In Queensland the practice was hugely unpopular and by 1882 had caused building resentment toward the code. Local clubs including the Brisbane Football Club had for years unsuccessfully lobbied the Victorian Football Association (VFA), whose rules it had affiliated with, to ban pushes from behind in an effort to improve its safety and fairness in comparison to rugby. The VFA's reluctance to listen to the Queenslanders eventually helped created a rift which saw the formation of a local governing body for rugby, mass switching of codes by schools, clubs and players and the decline of the sport in the colony. Clubs outside of Brisbane lost patience with the Victorian governing body and in early 1884 clubs in Toowoomba began banning the practice and began lobbying other QFA clubs to follow suit. In 1884 the QFA in response finally went against the VFA's advice and passed a push in the back rule, however the mass exodus to rugby had already begun a month earlier.
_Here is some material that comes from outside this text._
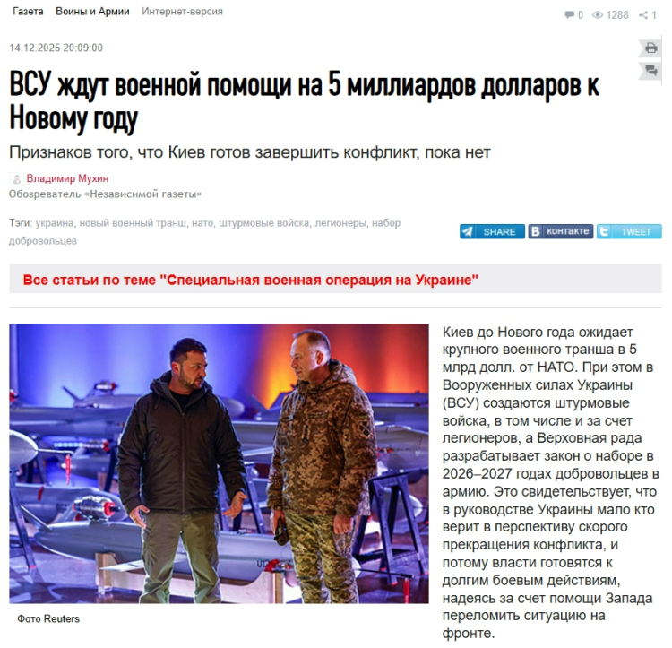俄罗斯《独立报》网站当地时间12月14日报道,新年到来之际,乌克兰正等待北约提供价值50亿美元的大笔军事援助。与此同时,乌克兰武装部队已经开始建立一支突击部队,包括使用外国雇佣兵。乌克兰最高拉达也正在起草一项法案,要求在2026年至2027年招募志愿兵。这些都表明,在乌克兰领导层中,几乎没有人认为冲突会很快结束,因此他们正在为长期敌对状态做准备,他们希望依靠西方的援助在前线取得突破。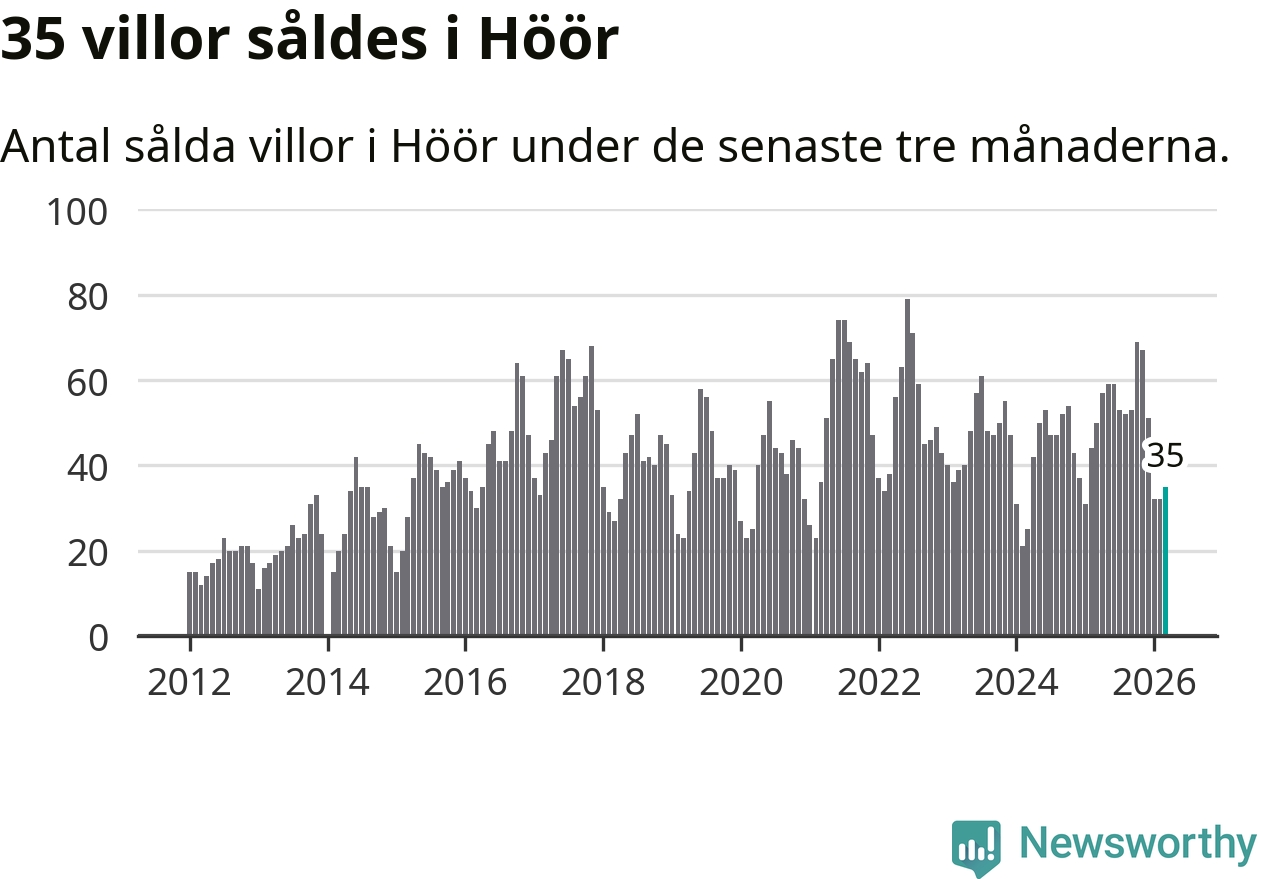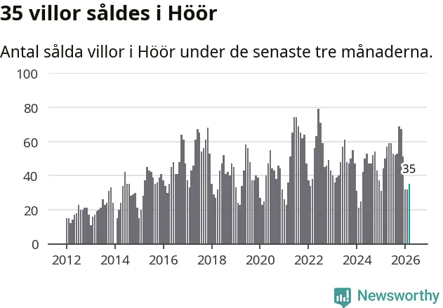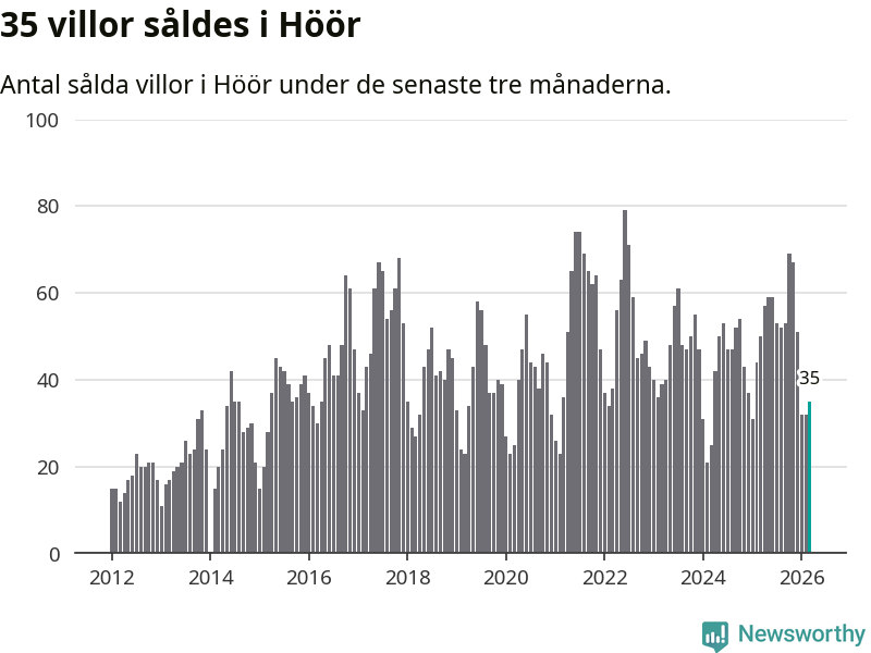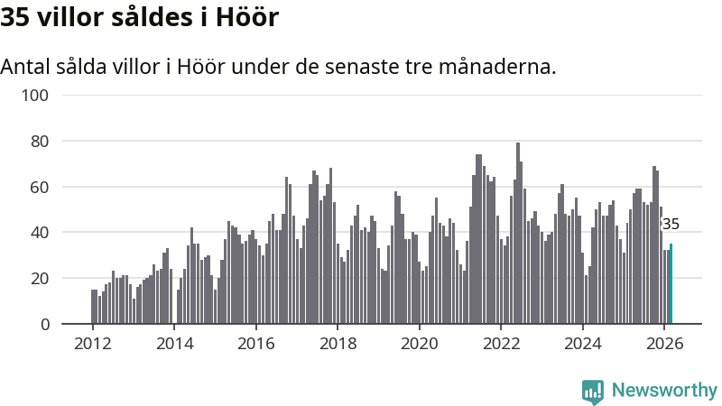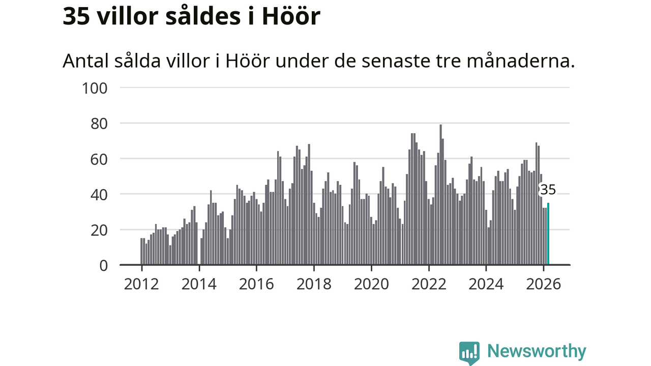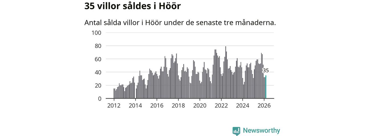 Sammanlagt såldes 35 villor i Höörs kommun mellan januari och mars till ett genomsnittligt pris på 2,7 miljoner kronor. I fjol gjordes 50 affärer vid den här tiden på året.

South Australian leagues began agitating for the change to what was considered by far the most dangerous aspect of the game. Deliberate pushing in the back by unspirited clubs was seen as a blight on the game by South Australians. As such, representative matches in South Australia frequently rejected the Victorian rule allowing pushing.

It wasn't until the early 1880s that the Victorian media began labelling pushing in marking contests as an unfair practice. Between 1885 and 1887 high marking was becoming popular in Victoria. Following a conference with intercolonial delegates in 1885 the first restrictions on pushing were introduced by the Victorian Football Association "only when the player is running within five or six yards of the ball", a rule used for some time by and pushed for by Geelong. Delegates from other colonies and umpires were not satisfied and the following year in 1886 successfully pushed that Rule 16 ban the practice of pushing altogether for intercolonial matches however the VFA and Tasmanian leagues, the last in the country to allow it continued to follow the 1885 rules. In 1886 two Tasmanian football deaths were directly attributed to the practice so the colony adopted the new rule and its intercolonial delegates pleaded for the Victorians to follow suit.

At a meeting of the Australasian Football Council in 1890 a motion was passed banning pushing in the back in a marking contest which was agreed to by its member leagues including Victoria.

After decades of controversy a rule against pushing for both marking and "running with the ball" was finally adopted in 1897 by the newly formed Victorian Football League.

In the 1900s, an incidental contact rule (i.e. jumping on an opponent's back in an effort to mark the ball in the air is not considered a push) was introduced first by the VFL in 1904 which reached widespread adoption by the Australasian Football Council in 1907. Allowing incidental contact ushered in an era of spectacular marking which further increased the code's appeal.

==Controversial Push in the Back incidents==
The following push in the back incidents caused significant controversy:
- Round 9, 2007 - with the scores tied between Essendon and Richmond and with about three minutes to go, Matthew Richardson nudged Mal Michael out of a standing one-on-one marking contest, using his right hand on Michael's right shoulder blade. Michael, who was in front but slightly out of position, jumped to take the mark exactly as he was pushed, but missed the ball; Richardson took the mark and played on immediately, kicking the ball between the goal posts from 50m out, but was penalised for a push in the back, plus fifty metres for wasting time. The Tigers lost the game, and widespread debate about the hands in the back interpretation followed in the next week.
- Round 4, 2022 - Geelong's Tom Hawkins kicked a match winning goal after a "blatant" push with both hands on Brisbane Lions opponent Harris Andrews, ruled as "standing his ground". The decision drew substantial criticism and Hawkins himself admitted that he should have been penalised.
- Preliminary Final, 2022 - Sydney Swans forward Tom Papley kicked a match winning goal after a push from behind with both hands on Darcy Moore described as "forward craft".